0.2 Best Guess Experimental Design (Diana R, Molly R)
Perhaps the most basic approach to experimental design is the best-guess approach. This strategy is exactly what it sounds like: the experimenters make a ‘best guess’ as to what they think is the optimal combination of experimental factors. While this is an informal strategy, it is used fairly often, and is correct more often than would be expected. This is because the people conducting the experiment often make an educated guess that is grounded in their prior knowledge of the factors being examined.
However, this approach is not without its downsides. When it comes to finding an optimal solution using best guess there are two possible outcomes: either the result is acceptable, or it is not. If the result is obviously not satisfactory, where does the experimenter go from there? Their second-best guess? That could go on for quite a while, and may never result in an optimal solution. But what if the result of the best guess experiment is satisfactory? Does the experimenter stop there, or continue experimenting? There is no guarantee that the satisfactory solution is the optimal solution. The best-guess approach to experimental design is a good starting point, but is clearly not an ideal strategy for more involved experiments.
The coffee industry shows how a best-guess approach is used in a real-world application. There are different varieties of coffee that may be offered in the market (different regions) and within these varieties different types of roast. There is indeed uncertainty to which one of these combinations will provide the optimal sales. Suppose there are some regions in the Colombian Country that offer the best variety of coffee (Antioquia, Armenia, Santander, Huila, Narino and Sierra Nevada) and four different roasting types (Light, Medium, Medium Dark and Dark Roast). If the company wants to obtain the maximum sales, the most logical approach would be to try all of the different combinations and produce a batch of each type of coffee. Yet, producing and selling all of them may not be economically feasible, thus a best-guess might be the best approach. Based on the international ratings for this country’s coffee, there are particular regions in Colombia that have won first place in coffee tasting competitions all around the world. Huila is one of those regions and it is known that a medium roast is the best type of roasting suggested for this grain. Also, further market research has indicated that the organic coffee is required by many countries in Europe, Canada and some regions in United States. As the region of Sierra Nevada produces one of the best organic coffees in the region, then this could also be offered. As this grain requires a higher body, a Dark roast seems to be the best option. This best-guess approach used “maximum sales” as response variable and (i) the variety of the coffee and (ii) the roasting type as factors. Again, the best-guess approach can provide a solution to a problem, although it is better to use a more defined strategy to ensure an optimal solution is reached.</nowiki>
0.3 One Factor at a Time (OFAT) Experimental Design (Munira S, Fabiana T)
The one-factor-at-a-time (OFAT) experimental design is an experimental design where only one factor is altered in each experiment, while the other factors are held constant.
- Start with your initial values.

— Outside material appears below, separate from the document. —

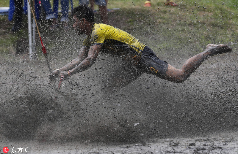 当地时间2018年7月15日,泰国春武里,一年一度的传统赛牛节在水田里精彩举行,参与者驾牛泥地狂奔。

One possibility might be starting with a best guess.
- Among the factors considered, choose a factor x.
- Run experiments with different levels of x to optimize the response variable, while holding the other factors constant.
- Set factor x at the level that optimizes the response variable.
- Choose a factor y that isn't correlated with factor x.
- Repeat this method through all factors, every time choosing a factor that isn't correlated with the one previously varied.
As an example, consider we want to optimize the yield of a cultivation by changing the type of fertilizer (A or B) and the type of vegetable (carrots or eggplants). Starting with the carrots, say we obtain a better yield with fertilizer A, so we keep fertilizer A and change the vegetable type, obtaining a yield for the eggplant which is lower than the carrot’s one. In this case, we would choose the combination carrot-fertilizer A as the better one.
Advantages - OFAT is fine in circumstances where data is easy to obtain with regard to the cost to obtain the data, the time to run the experiments or the availability of data. It would also be beneficial in situations where the goal is to improve the current system. Also, because OFAT doesn't incorporate the interaction effects between factors, it should be fine in experiments where the factors aren't correlated.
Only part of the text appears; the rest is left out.